The contemporary political environment has nothing to do with intellectual or political principle.  There are those, in both the Democratic and Republican party, who pretend that this is simply a competition of ideals.  The so-called center keeps their proverbial head in the sand to ensure their material wellbeing while proponents of unquestioned authority take advantage of this timidity to promote their political dominance.  Therefore, resource depletion from the dispossessed seen with the potential to challenge such authority goes unchecked.

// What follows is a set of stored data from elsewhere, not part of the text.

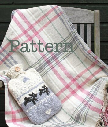 Only two colours are used on each row, so you only hold two strands of yarn & a great project for practicing intarsia & stranded colourwork. Designed to fit a standard 2 litre hot water bottle (main body 27cm x 21cm 10½" x 8"). Knitted flat in two parts that are sewn together.
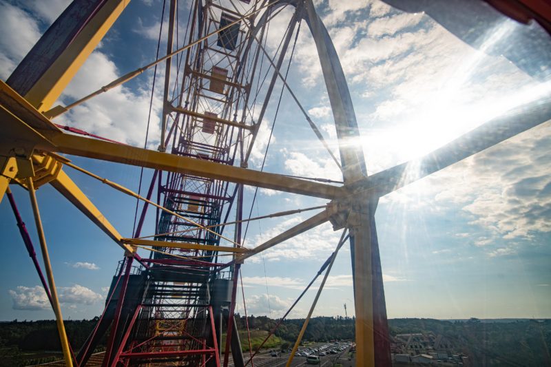 観覧車って太陽光とのコンビネーションが最高な被写体で、そこに特徴的な雲が重なれば写真に撮らずにはいられないですね。この日は10月なのに30℃近い気温でしたが、これを見るだけでもそれが感じられます。
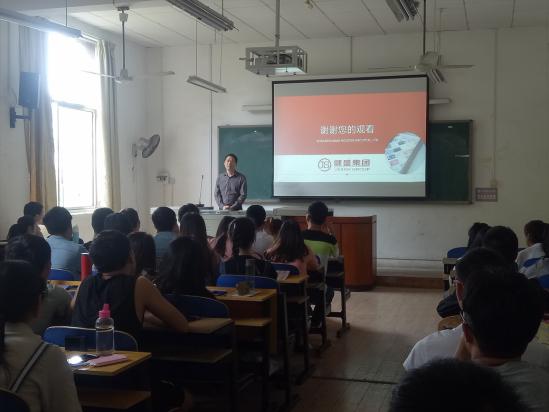 紧接着,现担任健盛集团储备干部的tyc33455cc13级学长李超智上台发言,他着重讲解了与其他企业对比健盛集团所存在的优势,并从工作时间、住宿条件、娱乐活动、伙食补贴等方面简要介绍了健盛集团。
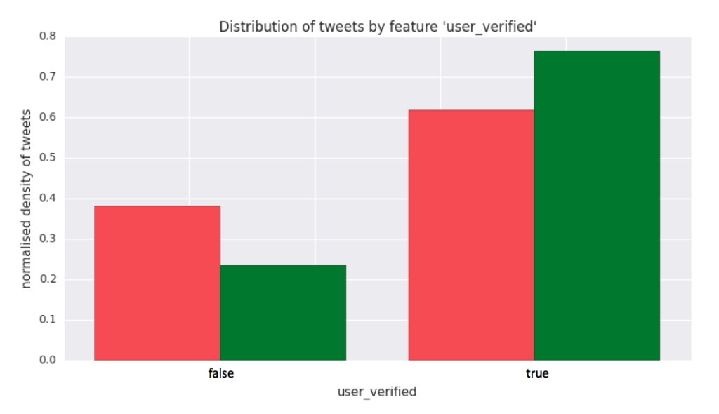 Having the annotated dataset, I was now ready to visualise and analyse the data. First, I have made a script (`stats_plots.py`) to plot all the discrete features on a histogram by their class, each showing the normalised density of tweets for each discrete value of the feature. For example for the feature user_verified whose value represents if the user posting the tweet has a verified account or not, the plot of normalised tweet density vs feature value is shown below. From this you can see that if the posting user is verified, the tweet is more likely to be âother newsâ (green bar) than âfake newsâ (red bar), and the converse if the user is not verified.
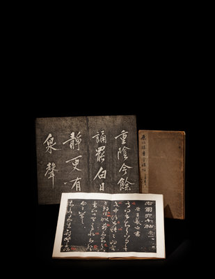 2 folding albums, 292 x 273 mm. The first from the stele of Huanxiang Tang, comprising 27 leaves, with annotations by the classics scholar Hu Xiaoshi (1888-1962), dated to the Dingchou year (1927), National China Bookstore in Beijing label. The second form the stele of Wang Xizhi‘s calligraphy, comprising 12 leaves, with annotations in red ink and one collector's seal: Lin hu xiao xuan cang shu.
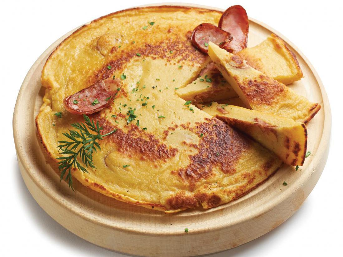 4 jajca 0,5 kg moke 0,5 l mleka 1 žlička soli 35 dag domače klobase 2 dcl olja
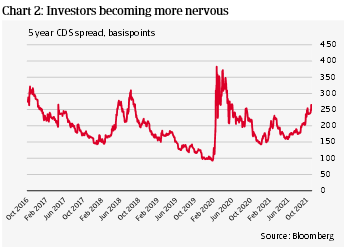 Rising policy rates translate into a higher effective interest rate on government debt, which increased from its low of 5.7% in February 2021 to 6.8% in September. This turning of the interest rate tide against Brazil's highly interest-sensitive government finances has raised concerns that the normalisation of Brazil’s policy rates will destabilise them. Worries about the credibility of the spending ceiling are adding to these concerns, as the government used the 'state of calamity' clause again this year, confronted with a second wave of Covid-19. Additionally, the upcoming general and presidential elections in October 2022 will make fiscal consolidation harder. The concerns are also reflected in the CDS-spread, which rose from below 100 basis points just before the outbreak of the pandemic to more than 200 basis points in October 2021 (see chart 2).
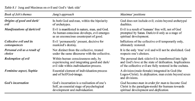 4. There are charts! And they really help. The Orthodox scholar G.C. Tympas (a wonderful synchronistic inversion of the C.G. in C.G. Jung) offers a challenging (and expensive) charitable reading of Jung. He nevertheless concludes that "there is a huge difference between Jung's active imagination, through which the ego encounters unconscious dynamics and aims the inner Self, and Maximus' compound psychic function that is able to directly experience the divine through prayer and spiritual contemplation" (166). Along the way, Tympas offers handily lays out the differences between Maximus the Confessor and Jung:

The contemporary dramatic reduction of resources in public education and science, along with the collective growth in wealth, represent evidence that that current political action is actually an aggressive attempt to suppress reason for power.  Education and science have to be free from the struggle for political advantage if liberty and opportunity for all are to flourish. History tells us that all republics crumble when thought and evidence are denied. Diverse educational and scientific thought therefore, should not be seen as threats to our way of life requiring control, but as God given requirements that require ongoing investment to survive.